For branding purposes, we can use influence marketing to generate broader awareness of a product or help to change perceptions. However, in isolation that rarely pays the bill and most CFOs – if not the CMOs – are soon cutting budgets for such practices as they’re hard to measure to an actual ROI.
When sales are the focus, influence marketing can be used to convert prospects, including competitors’ clients. This requires a lot more effort than simply having social media celebrities Tweet out your product or sponsoring a blog post on their websites.
You need a more formal understanding of who sways opinions and who – in turn – sways purchase decisions with specific customer groups. Further, an understanding of what stage in the purchase lifecycle your target customers are at when engaging with the message is critical.
These were some of the considerations at play when we were approached to support the launch of a new Acura TLX in the Canadian marketplace.
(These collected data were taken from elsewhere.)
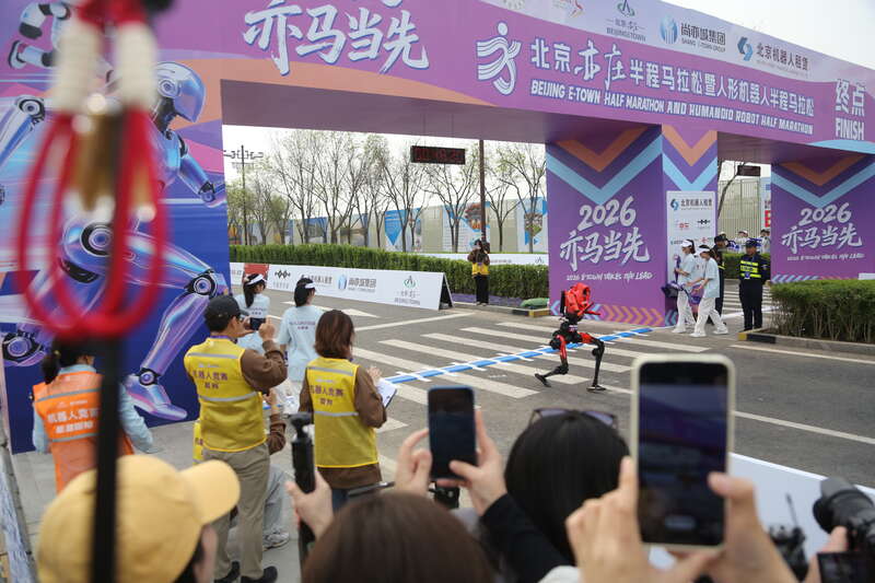 机器人的确更聪明了。工程师没有像去年那样同在赛道上陪跑,而是让机器人成为绝对的主角。在全长21.0975公里的赛道内,机器人要跑过平地、坡道、弯道、狭窄路段等10余种地形,过12个左转道、10个右转道,还要5处变窄路段、1处路岛障碍,极大考验动力控制、环境感知、突发应对等能力,并非简单地“跑步表演赛”。
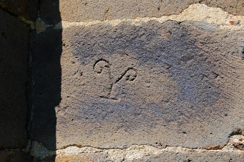 détail d'une marque de tailleur de pierre, chevet de l'église
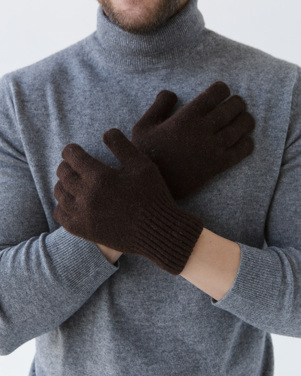 Теплые перчатки из монгольской шерсти темно-коричневые
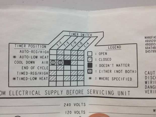 Diagramas de cableado pueden ser bastante confusos, así que por simplicidad me voy centrando en el esquema de interruptor que se incluye en el cableado. Usted notará en este esquema que las posiciones se indican en el lado izquierdo (Auto-Reg/alto, Auto-calor bajo, Timed-Reg/High, Timed-calor bajo). A lo largo de la parte superior, verás dos letras en cada columna. Estas letras indican los terminales de prueba. A la derecha, se dará cuenta de lo que significa cada cuadrícula (apertura del interruptor, interruptor cerrado, etc.).
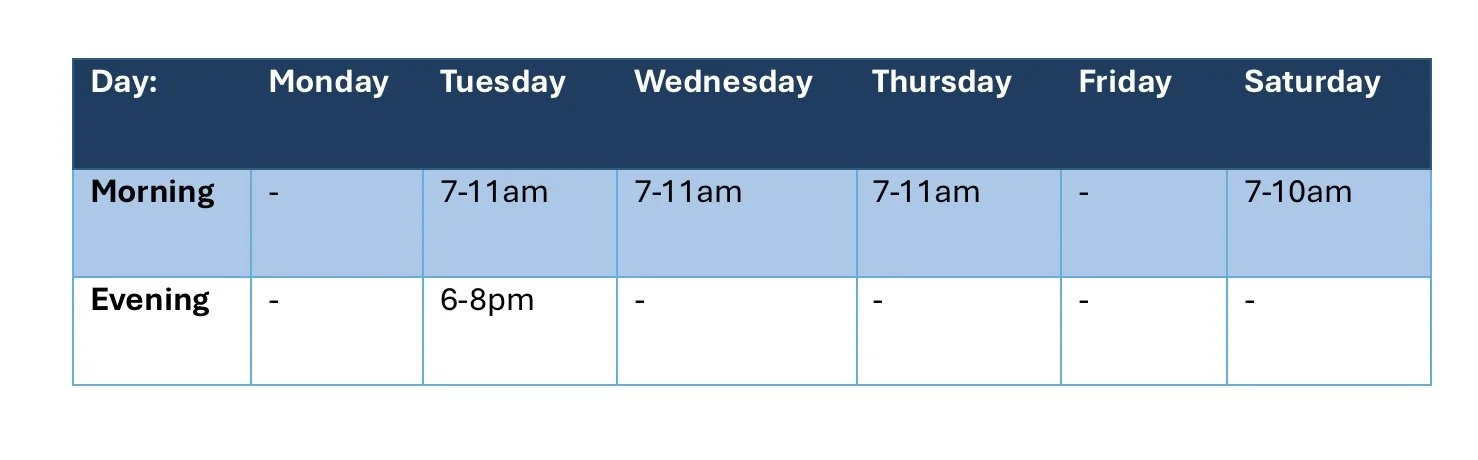 Please see below the currently available time slots for physiotherapy and other services.

We were asked to help change product and brand perceptions but we knew there was so much more that could be done. Below is a summary of the case study.
CHALLENGE
Acura is a luxury brand (the marque brand of automaker Honda), which markets luxury, performance, and high-performance vehicles. Among its premier line up of vehicles, Acura’s TLX stood out for its perfect combination of luxury feel and proven high sports performance.
Despite independent tests that list the TLX among the best vehicles in its class, many consumers within North American luxury car market perceived competitive automobiles as either more luxurious or provided better road handling. Our challenge with this campaign was to begin to shift those perspectives.
SOLUTION
Coinciding with the launch of a new AcuraTXL, we were approached by Integrated Automotive Experience (IAE), an exclusive auto marketing firm, to design and execute an influence marketing campaign that would shift those perceptions.
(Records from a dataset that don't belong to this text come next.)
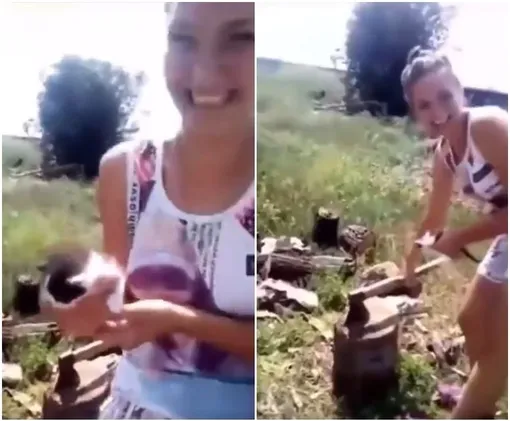 22 июля в Сети появилось видео, на котором девочка рубит котенка топором и смеется. Ее подруга комментирует видео, снимая все это на камеру. Вскоре выяснилось, что героини ролика — 15-летняя Екатерина Штраух и ее 14-летняя сестра Виктория из села Михайловка Алтайского края. Девочки — дочери главы Михайловского совета.
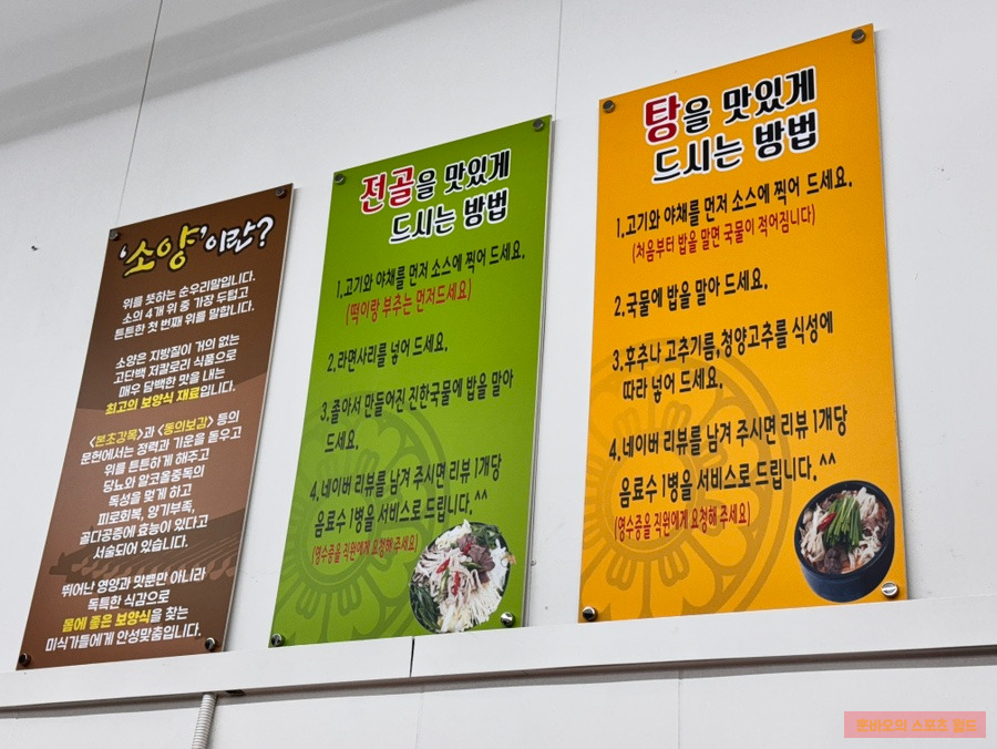 벽에는 소양탕과 전골을 맛있게 먹는 법이 친절하게 설명되어 있었어요!
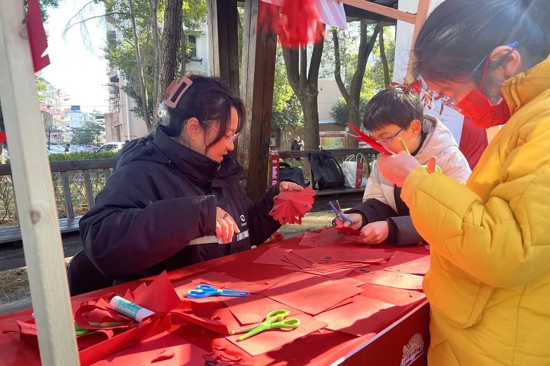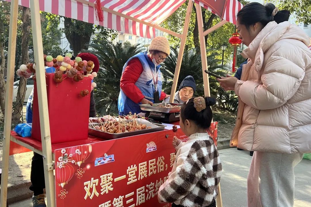 除了文艺演出,周围还有热闹的元宵市集。从煮汤团、糖葫芦等节日美食摊位,到制作传统拨浪鼓、平安结等传统文化氛围满满的手工摊位,吸引不少居民带着孩子前来,穿梭在一个个摊位间,收获了许多惊喜。

Our strategists broke from tradition. Where most agencies would immediately seek popular Instagrammers with large communities, brand fanatics or industry analysts, we took a page out of Sam Fiorella and Danny Brown’s seminal book on Influence Marketing.
Instead of social media and industry celebrities (or macro-influencers), our strategists searched out potential customers for the brand: Professional Canadian men and women from cities across the country who – in most cases – drove competitive vehicles. We identified individuals whose close social circle most closely matched the TLX target customer profile.
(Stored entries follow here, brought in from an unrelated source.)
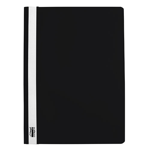 Fabricado em polipropileno, formato A4, com ferragem, capa transparente e contracapa opaca. Identificador na lombada.
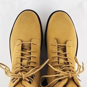 New with tags, SOREL women's Hi-Line waterproof and ultra lightweight lace up boots in a mustard Geo yellow leather suede, size 8.
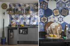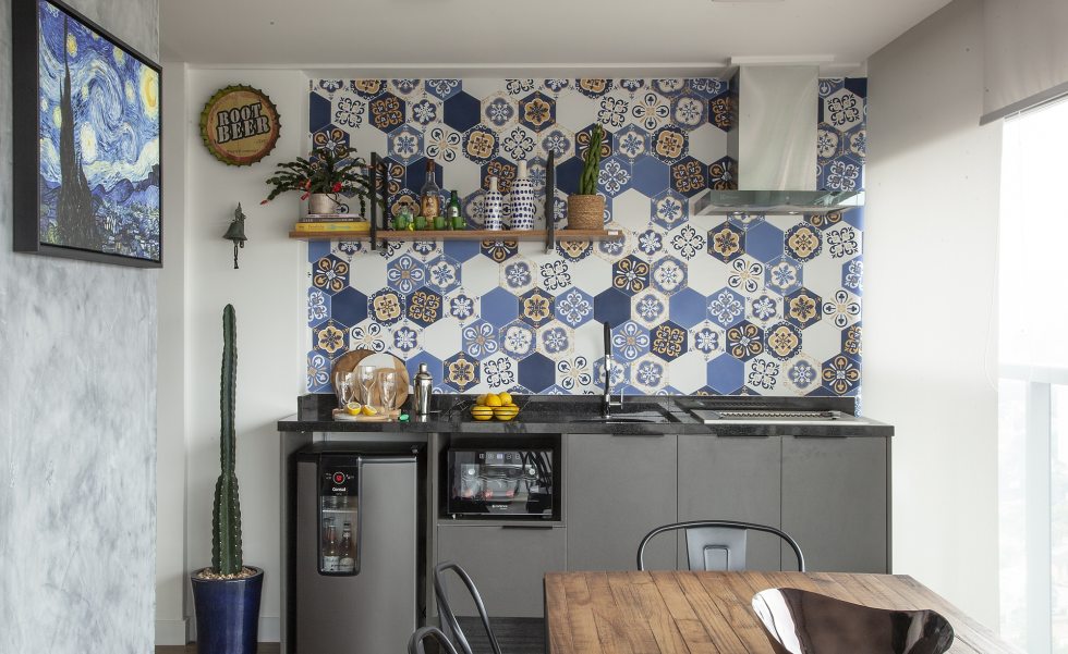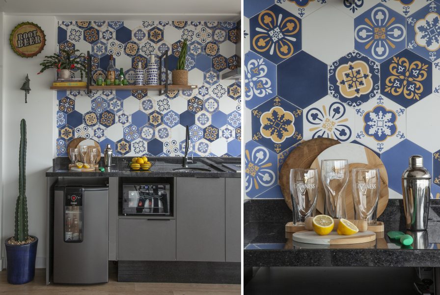 Trazer cor e leveza para a varanda gourmet foi um dos desejos de Bianca Tedesco e Viviane Sakumoto para o projeto desse apartamento, em São Paulo. Além de harmonizar com a paleta de cores de todo o estar, os ladrilhos hidráulicos (Baepi) foram a escolha para criar um cantinho de destaque, conferindo uma estética retrô para o ambiente. Eles atraem o olhar para a área da bancada, que foi toda equipada com churrasqueira, cervejeira e adega. "Para harmonizar, as outras paredes são neutras, com tons de branco e cimento queimado", apontam as profissionais.
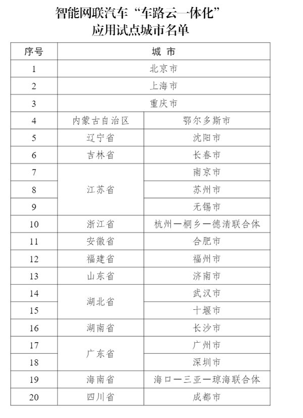 e公司讯,据工业和信息化部消息,工信部联合公安部、自然资源部、住房和城乡建设部、交通运输部发布通知,公布了20个智能网联汽车“车路云一体化”应用试点城市名单。
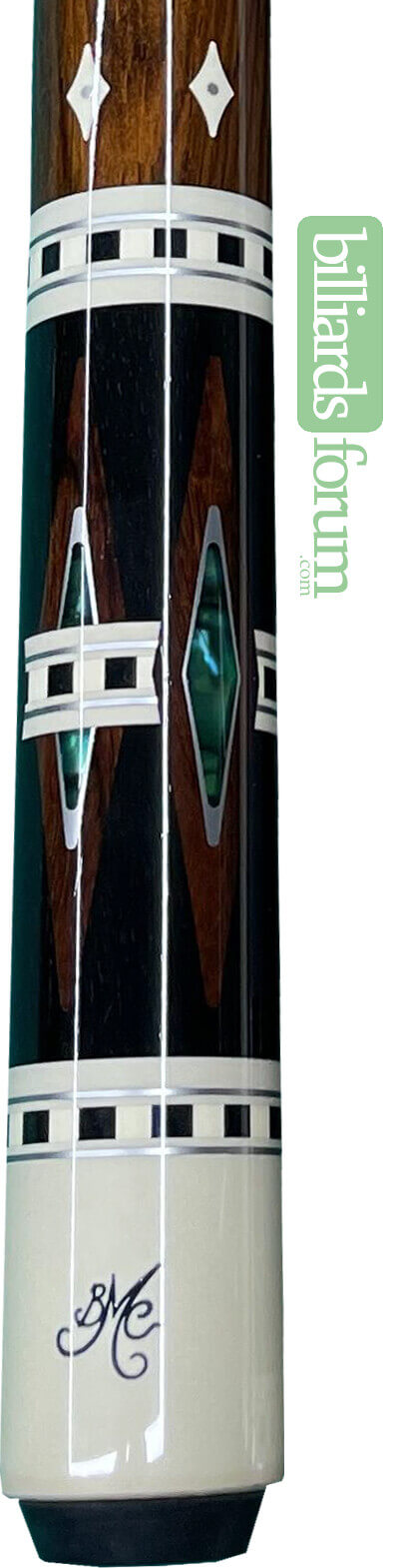 Buttsleeve of the BMC Corey Deuel Diamond cue with green inlay.
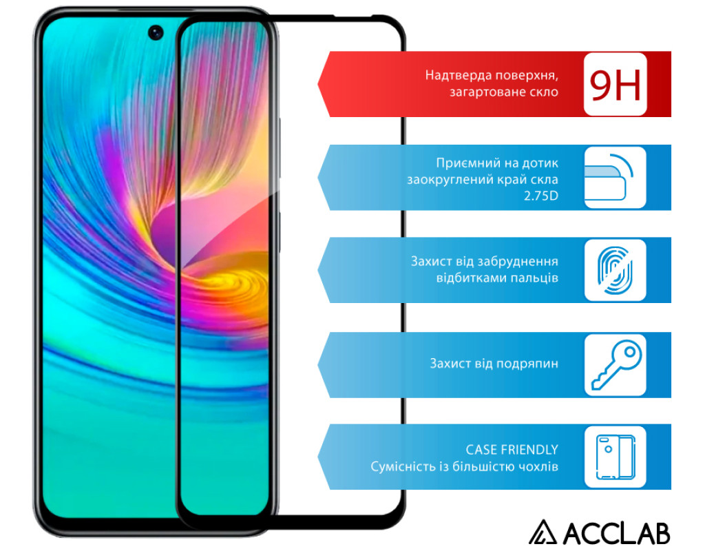 Стекло защитное ACCLAB Full Glue Infinix Smart 9 Black (1283126599293)
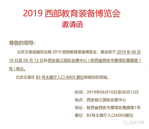 北京文香受邀參加2019西北教育裝備博覽會,會議將于2019年6月10日-12日在西安曲江國際會展中心舉行,北京文香將攜超強陣容亮相本次展會,敬請期待。
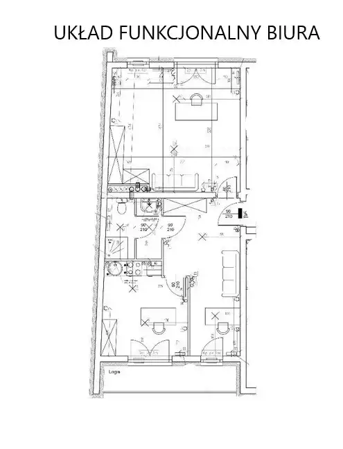 Lokal pełni funkcję biurową, jednakże zmieniając sposób użytkowania lokalu, można zaaranżować go na mieszkanie. Jeden z rzutów przedstawionych w ofercie pokazuje układ biura, drugi z rzutów przedstawia układ mieszkania.
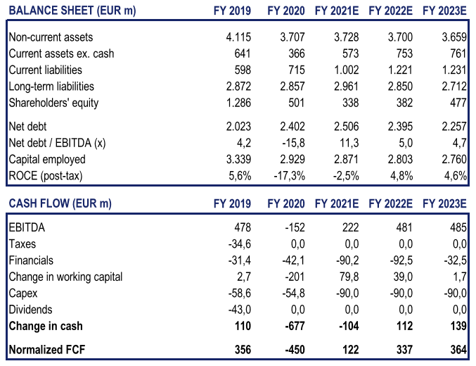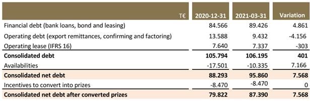 La deuda financiera neta sube hasta los 95,9 millones de euros vs. 88,3 millones en 2020, por incremento de necesidades de circulante. Este año la compañía tendrá que volver a negociar con los acreedores el incumplimiento de sus covenants de deuda, el año pasado ya alcanzaron un acuerdo para obtener una excepción, y este año en principio no debería haber tampoco problemas, después de que el año pasado sólo un bonista puso la negociación un poco más complicada.
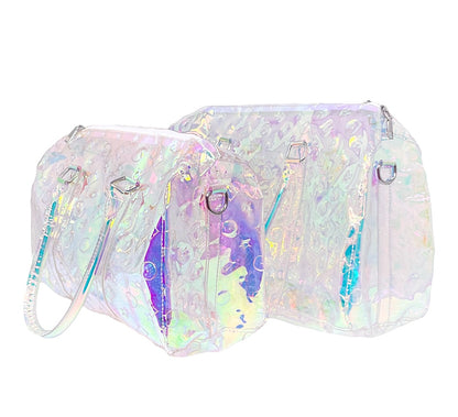 Tickled Pinque’s Holo Blossom Tote is a luxurious designer-inspired iridescent tote that’s stylish and classy. Our Holo Blossom Tote bag comes in two sizes, with sturdy double zippers, durable carrying handles and attachable shoulder straps. She’s the perfect companion on your journey to paint the world Pinque 💖

These micro-influencers, defined as those who – by nature of their defined and contextually relevant relationships with the brand’s target customers – are more likely to influence purchase decisions as well as brand perception.
Participants were flown to the Canadian Motorsport Race Track in Ontario where they were treated to an exclusive drive experience. Once there, our micro-influencers were paired with professional race car drivers and taught the fine points of safely racing a vehicle around a race track.
After a morning testing the vehicle’s safety features, the influencers were unleashed to race the TLX around the track themselves. Each participant was given a Fitbit so that their heartbeats could be monitored through the drive experience to produce long-term social media video content.
#TLXExperience video ft. Sam McDadi, one of Canada’s top realtors
RESULTS
Before, during, and post event, Sensei’s teams provided the micro-influencers with tools to create and share their experiences across multiple social media platforms that would best engage their audiences. In total, the event’s one-day activity generated over 3,000,000 Canadian-specific impressions, $524,200 in earned media, and converted some of our drivers to Acura customers immediately.
Before the event, we surveyed the selected micro-influencers and their social circles to establish a baseline metric for brand perception. The same audience, when surveyed, after the event, ranked of the Acura TLX as the top luxury-sport sedan in Canada, up from 4th place in the previous survey.